[Stored items]

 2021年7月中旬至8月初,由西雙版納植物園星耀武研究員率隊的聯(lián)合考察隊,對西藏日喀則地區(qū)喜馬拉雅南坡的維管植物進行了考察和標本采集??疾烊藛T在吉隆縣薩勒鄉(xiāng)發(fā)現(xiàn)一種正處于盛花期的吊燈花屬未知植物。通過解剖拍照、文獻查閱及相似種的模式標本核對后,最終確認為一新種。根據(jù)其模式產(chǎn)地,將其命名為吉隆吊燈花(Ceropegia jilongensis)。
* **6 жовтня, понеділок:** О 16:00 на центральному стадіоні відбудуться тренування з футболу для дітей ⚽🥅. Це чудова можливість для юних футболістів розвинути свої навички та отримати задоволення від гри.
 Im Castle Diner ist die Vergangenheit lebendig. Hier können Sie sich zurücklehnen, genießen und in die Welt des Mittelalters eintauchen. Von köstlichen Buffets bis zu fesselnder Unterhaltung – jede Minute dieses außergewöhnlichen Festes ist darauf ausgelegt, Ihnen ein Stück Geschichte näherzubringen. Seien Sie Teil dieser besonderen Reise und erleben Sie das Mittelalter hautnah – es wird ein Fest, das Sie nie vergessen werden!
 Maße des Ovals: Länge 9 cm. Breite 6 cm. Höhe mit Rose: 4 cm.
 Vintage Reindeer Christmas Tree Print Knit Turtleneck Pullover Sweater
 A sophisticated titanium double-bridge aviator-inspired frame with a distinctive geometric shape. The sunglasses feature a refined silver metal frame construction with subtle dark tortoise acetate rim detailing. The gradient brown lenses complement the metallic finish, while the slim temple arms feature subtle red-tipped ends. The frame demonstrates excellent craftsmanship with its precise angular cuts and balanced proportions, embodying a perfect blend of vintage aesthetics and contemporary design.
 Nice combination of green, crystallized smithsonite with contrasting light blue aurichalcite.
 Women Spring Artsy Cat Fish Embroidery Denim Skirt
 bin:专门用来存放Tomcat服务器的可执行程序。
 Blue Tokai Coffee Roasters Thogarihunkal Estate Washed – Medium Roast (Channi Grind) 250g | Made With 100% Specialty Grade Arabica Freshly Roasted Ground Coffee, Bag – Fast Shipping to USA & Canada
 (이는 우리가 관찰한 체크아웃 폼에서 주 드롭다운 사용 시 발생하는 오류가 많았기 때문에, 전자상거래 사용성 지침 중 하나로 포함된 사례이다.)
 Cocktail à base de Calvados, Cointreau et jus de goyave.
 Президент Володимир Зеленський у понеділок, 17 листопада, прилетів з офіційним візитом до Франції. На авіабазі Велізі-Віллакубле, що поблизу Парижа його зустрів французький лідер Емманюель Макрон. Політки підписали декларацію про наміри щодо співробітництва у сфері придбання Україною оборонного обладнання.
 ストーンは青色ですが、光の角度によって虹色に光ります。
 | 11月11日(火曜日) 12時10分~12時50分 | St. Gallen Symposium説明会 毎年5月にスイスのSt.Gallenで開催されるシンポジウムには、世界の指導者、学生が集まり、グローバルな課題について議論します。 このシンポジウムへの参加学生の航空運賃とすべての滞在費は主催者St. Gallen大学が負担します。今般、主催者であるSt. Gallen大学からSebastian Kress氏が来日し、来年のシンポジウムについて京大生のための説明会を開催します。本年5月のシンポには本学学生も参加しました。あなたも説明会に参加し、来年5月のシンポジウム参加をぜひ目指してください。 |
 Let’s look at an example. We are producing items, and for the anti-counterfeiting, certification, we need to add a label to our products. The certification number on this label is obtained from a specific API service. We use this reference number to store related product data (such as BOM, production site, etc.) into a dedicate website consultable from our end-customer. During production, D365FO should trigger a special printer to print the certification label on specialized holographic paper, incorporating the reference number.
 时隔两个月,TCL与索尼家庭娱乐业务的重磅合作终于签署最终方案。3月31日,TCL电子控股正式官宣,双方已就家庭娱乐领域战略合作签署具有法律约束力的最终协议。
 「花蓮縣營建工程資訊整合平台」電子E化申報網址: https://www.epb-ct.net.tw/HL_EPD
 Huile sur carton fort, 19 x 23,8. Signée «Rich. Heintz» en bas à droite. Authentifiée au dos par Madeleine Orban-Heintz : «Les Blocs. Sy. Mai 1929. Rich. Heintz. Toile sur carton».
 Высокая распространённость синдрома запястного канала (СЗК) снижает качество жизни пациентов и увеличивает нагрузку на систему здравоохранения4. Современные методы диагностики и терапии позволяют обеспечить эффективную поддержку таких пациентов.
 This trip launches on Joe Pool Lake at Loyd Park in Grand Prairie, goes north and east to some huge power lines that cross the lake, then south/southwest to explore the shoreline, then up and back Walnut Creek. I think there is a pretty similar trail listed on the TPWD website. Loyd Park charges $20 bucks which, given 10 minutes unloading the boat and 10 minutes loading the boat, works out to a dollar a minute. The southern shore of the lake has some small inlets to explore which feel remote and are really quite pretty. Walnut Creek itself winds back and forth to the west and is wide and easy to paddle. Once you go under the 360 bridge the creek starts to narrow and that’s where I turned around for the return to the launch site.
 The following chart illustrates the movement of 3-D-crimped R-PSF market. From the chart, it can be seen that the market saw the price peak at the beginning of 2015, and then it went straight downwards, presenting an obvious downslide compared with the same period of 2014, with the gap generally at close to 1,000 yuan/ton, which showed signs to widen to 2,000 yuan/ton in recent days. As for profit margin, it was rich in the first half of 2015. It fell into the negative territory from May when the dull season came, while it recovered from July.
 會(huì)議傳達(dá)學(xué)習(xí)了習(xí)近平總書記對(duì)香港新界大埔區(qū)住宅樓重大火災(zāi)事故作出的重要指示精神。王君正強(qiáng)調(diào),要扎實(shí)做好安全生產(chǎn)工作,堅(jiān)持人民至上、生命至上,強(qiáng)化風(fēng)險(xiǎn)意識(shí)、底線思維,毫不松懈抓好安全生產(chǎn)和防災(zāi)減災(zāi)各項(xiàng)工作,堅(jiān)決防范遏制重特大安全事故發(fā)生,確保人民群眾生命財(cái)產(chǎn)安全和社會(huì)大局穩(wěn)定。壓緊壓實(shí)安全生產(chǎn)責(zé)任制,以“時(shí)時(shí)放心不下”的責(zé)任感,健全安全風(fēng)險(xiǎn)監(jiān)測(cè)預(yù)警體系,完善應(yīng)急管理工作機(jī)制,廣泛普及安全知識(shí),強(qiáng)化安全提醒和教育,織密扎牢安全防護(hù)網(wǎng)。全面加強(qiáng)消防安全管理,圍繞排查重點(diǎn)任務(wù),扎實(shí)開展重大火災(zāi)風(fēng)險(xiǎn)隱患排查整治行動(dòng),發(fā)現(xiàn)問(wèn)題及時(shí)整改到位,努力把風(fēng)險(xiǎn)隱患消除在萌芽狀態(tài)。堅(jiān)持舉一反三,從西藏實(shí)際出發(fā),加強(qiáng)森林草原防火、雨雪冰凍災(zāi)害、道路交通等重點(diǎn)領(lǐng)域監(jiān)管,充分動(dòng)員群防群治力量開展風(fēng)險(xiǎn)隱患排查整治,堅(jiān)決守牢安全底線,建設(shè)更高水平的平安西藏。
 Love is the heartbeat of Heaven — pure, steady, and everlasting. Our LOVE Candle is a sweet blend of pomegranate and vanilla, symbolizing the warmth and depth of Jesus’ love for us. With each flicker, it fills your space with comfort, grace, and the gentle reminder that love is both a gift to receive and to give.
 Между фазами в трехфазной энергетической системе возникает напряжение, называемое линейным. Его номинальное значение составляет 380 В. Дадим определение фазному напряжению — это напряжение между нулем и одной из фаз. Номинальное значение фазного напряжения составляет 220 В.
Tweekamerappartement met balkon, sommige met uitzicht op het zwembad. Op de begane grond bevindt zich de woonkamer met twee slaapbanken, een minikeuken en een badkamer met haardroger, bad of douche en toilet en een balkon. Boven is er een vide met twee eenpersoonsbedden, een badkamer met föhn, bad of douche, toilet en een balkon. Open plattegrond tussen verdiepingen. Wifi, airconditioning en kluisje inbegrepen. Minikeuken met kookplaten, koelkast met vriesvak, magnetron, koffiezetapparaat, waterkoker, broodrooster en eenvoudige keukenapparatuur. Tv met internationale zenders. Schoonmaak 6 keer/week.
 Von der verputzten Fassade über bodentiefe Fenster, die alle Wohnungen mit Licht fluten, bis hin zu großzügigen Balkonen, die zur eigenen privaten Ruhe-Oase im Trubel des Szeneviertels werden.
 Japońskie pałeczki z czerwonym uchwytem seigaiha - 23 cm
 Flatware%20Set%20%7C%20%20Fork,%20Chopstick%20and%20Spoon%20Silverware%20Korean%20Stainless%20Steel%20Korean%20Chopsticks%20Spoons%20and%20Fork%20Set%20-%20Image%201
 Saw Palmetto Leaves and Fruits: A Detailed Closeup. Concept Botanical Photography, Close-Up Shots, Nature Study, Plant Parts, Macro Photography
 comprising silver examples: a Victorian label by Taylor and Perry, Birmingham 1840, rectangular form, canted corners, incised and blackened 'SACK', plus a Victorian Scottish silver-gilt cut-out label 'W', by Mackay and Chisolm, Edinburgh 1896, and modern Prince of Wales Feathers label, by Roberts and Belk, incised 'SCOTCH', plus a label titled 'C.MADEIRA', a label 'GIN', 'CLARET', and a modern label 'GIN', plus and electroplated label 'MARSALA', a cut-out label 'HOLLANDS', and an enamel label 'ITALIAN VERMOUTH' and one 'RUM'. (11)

• _The problem_: Output exactly the lines of the records from the first through the one bearing "задоволення від гри.", both ends included.

• _Written response_:
 2021年7月中旬至8月初,由西雙版納植物園星耀武研究員率隊的聯(lián)合考察隊,對西藏日喀則地區(qū)喜馬拉雅南坡的維管植物進行了考察和標本采集??疾烊藛T在吉隆縣薩勒鄉(xiāng)發(fā)現(xiàn)一種正處于盛花期的吊燈花屬未知植物。通過解剖拍照、文獻查閱及相似種的模式標本核對后,最終確認為一新種。根據(jù)其模式產(chǎn)地,將其命名為吉隆吊燈花(Ceropegia jilongensis)。
* **6 жовтня, понеділок:** О 16:00 на центральному стадіоні відбудуться тренування з футболу для дітей ⚽🥅. Це чудова можливість для юних футболістів розвинути свої навички та отримати задоволення від гри.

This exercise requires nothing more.